Required action: Setting pictures aside, output exactly the lines from the start of the records to the line with "SOLY HUX Women’s", that line included.

(Stored items)
-*-
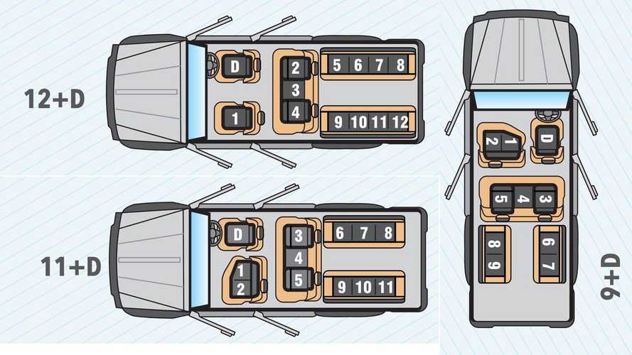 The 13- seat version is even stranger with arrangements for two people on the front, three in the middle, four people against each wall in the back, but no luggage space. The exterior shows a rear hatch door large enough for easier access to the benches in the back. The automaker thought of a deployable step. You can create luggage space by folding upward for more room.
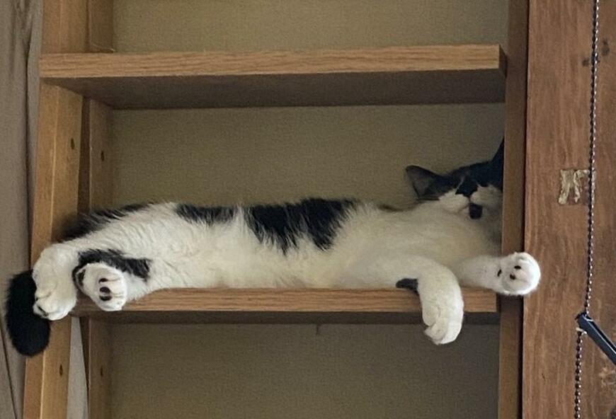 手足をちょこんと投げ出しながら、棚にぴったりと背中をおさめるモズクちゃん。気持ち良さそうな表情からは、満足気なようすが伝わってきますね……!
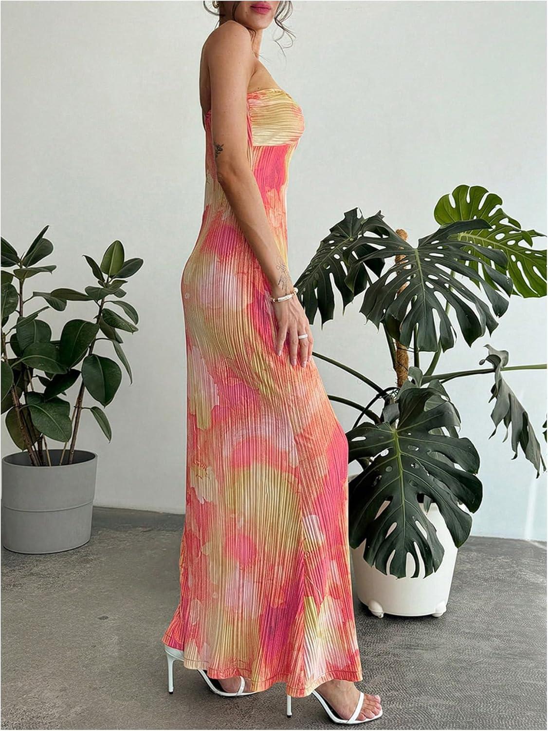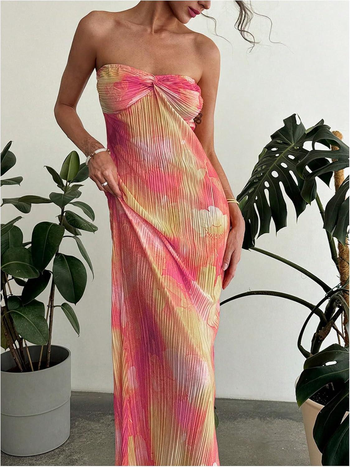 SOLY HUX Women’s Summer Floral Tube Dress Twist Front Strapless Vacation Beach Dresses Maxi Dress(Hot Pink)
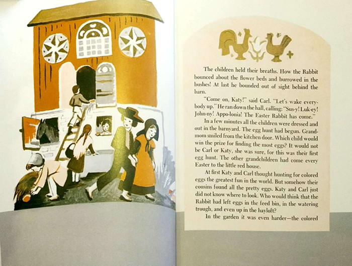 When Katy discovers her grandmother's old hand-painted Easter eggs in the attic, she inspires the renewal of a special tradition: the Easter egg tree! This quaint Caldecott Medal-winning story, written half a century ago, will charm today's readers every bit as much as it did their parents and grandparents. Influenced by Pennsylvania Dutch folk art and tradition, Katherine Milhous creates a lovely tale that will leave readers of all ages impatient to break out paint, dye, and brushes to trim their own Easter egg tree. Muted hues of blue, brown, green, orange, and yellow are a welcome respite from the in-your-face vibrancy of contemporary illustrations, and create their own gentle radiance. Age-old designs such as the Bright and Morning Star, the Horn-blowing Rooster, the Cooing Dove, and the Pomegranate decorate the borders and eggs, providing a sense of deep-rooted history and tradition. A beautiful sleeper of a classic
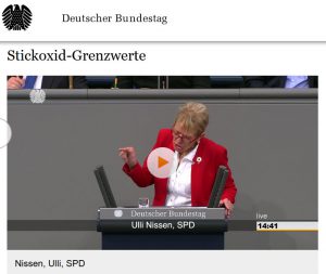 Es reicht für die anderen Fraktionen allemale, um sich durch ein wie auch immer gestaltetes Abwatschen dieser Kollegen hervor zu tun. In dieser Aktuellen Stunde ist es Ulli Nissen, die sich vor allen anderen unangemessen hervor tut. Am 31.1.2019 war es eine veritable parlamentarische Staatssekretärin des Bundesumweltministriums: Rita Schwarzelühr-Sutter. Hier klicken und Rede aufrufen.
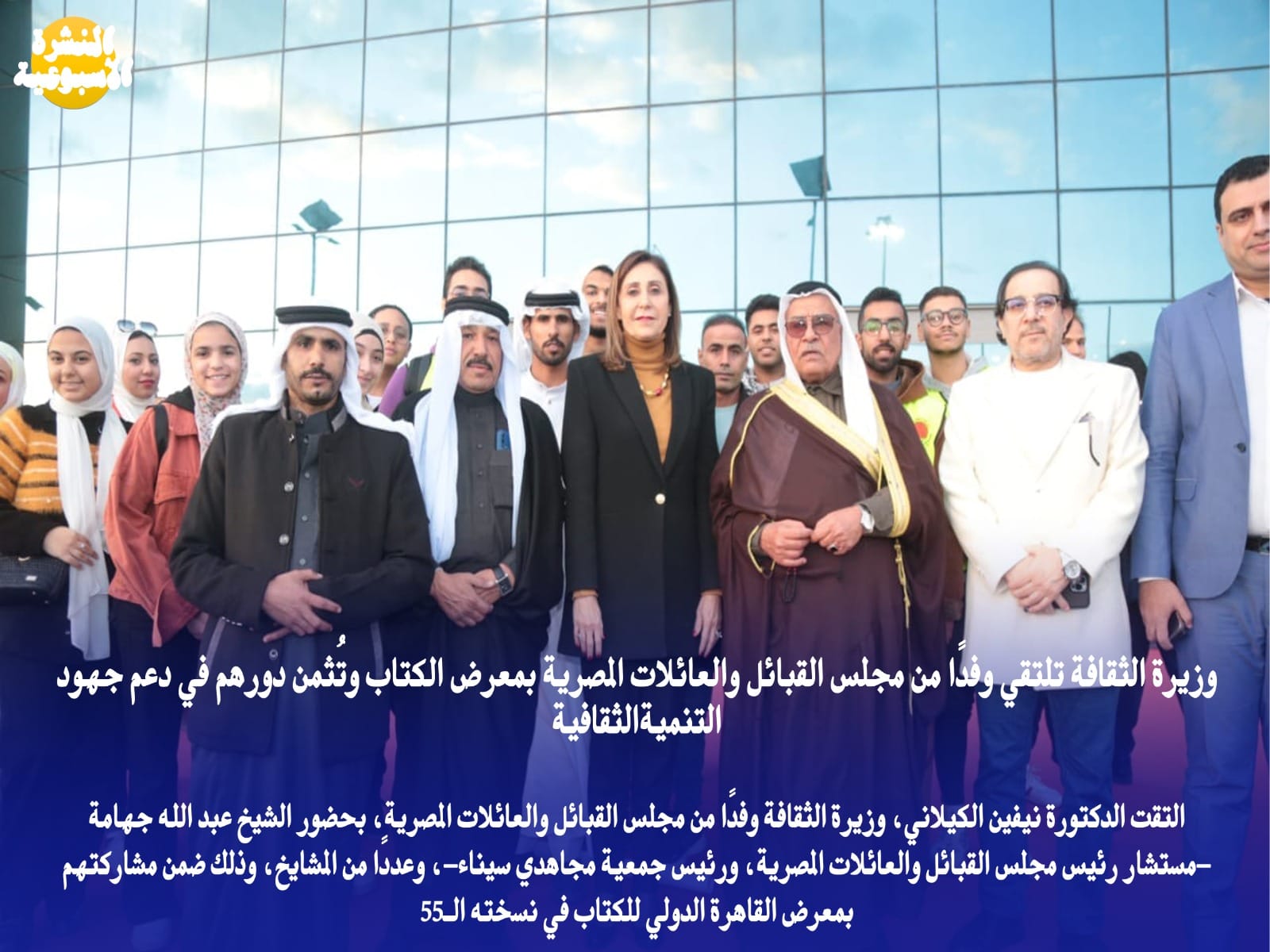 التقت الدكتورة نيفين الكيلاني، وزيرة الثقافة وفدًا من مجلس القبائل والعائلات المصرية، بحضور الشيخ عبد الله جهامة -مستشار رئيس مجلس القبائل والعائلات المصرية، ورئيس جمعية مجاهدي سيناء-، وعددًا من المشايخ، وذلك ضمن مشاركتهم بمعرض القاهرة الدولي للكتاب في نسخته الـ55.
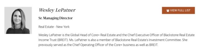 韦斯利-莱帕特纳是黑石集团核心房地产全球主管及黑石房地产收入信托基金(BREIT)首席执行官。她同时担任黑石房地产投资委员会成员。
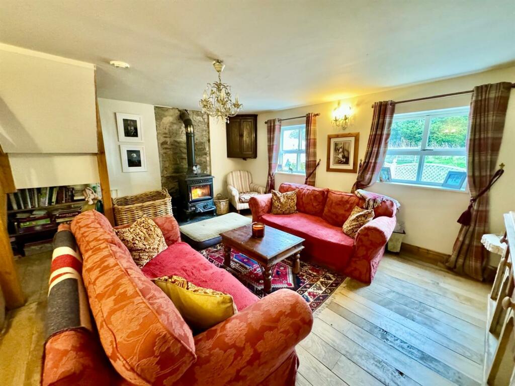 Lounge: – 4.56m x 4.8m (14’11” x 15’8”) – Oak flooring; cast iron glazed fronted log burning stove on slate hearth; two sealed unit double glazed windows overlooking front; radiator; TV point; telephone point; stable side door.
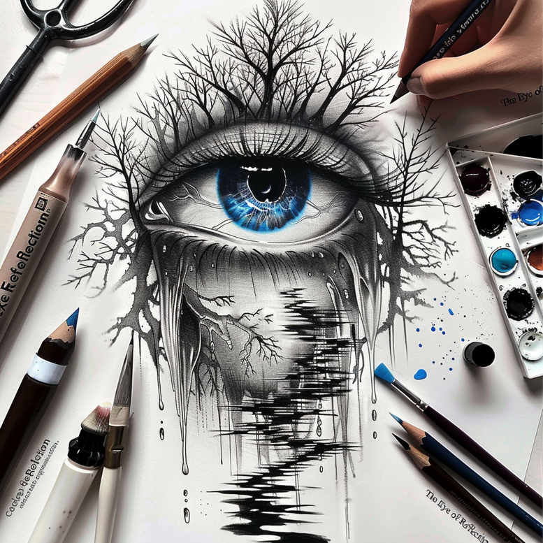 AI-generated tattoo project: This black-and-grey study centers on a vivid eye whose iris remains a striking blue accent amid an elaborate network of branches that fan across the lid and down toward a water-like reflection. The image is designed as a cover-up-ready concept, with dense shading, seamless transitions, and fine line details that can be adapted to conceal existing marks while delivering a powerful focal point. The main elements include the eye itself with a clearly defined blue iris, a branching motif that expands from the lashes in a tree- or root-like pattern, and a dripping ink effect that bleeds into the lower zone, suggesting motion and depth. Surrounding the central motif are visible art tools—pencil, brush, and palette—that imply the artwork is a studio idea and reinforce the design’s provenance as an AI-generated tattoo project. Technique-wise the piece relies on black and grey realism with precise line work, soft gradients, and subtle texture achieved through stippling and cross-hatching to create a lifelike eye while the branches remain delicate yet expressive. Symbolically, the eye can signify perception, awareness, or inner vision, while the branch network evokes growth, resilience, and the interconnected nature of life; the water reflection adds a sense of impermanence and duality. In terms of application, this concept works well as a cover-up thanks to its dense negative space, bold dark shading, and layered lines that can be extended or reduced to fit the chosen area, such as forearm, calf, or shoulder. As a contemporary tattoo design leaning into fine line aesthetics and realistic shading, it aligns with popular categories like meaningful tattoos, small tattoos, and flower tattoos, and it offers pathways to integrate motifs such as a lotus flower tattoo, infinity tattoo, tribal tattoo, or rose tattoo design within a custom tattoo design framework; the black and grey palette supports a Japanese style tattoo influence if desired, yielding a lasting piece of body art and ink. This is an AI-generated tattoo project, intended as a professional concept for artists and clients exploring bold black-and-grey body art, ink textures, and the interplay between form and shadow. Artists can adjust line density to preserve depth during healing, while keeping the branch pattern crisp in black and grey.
-*-
Exercise response:
 The 13- seat version is even stranger with arrangements for two people on the front, three in the middle, four people against each wall in the back, but no luggage space. The exterior shows a rear hatch door large enough for easier access to the benches in the back. The automaker thought of a deployable step. You can create luggage space by folding upward for more room.
 手足をちょこんと投げ出しながら、棚にぴったりと背中をおさめるモズクちゃん。気持ち良さそうな表情からは、満足気なようすが伝わってきますね……!
 SOLY HUX Women’s Summer Floral Tube Dress Twist Front Strapless Vacation Beach Dresses Maxi Dress(Hot Pink)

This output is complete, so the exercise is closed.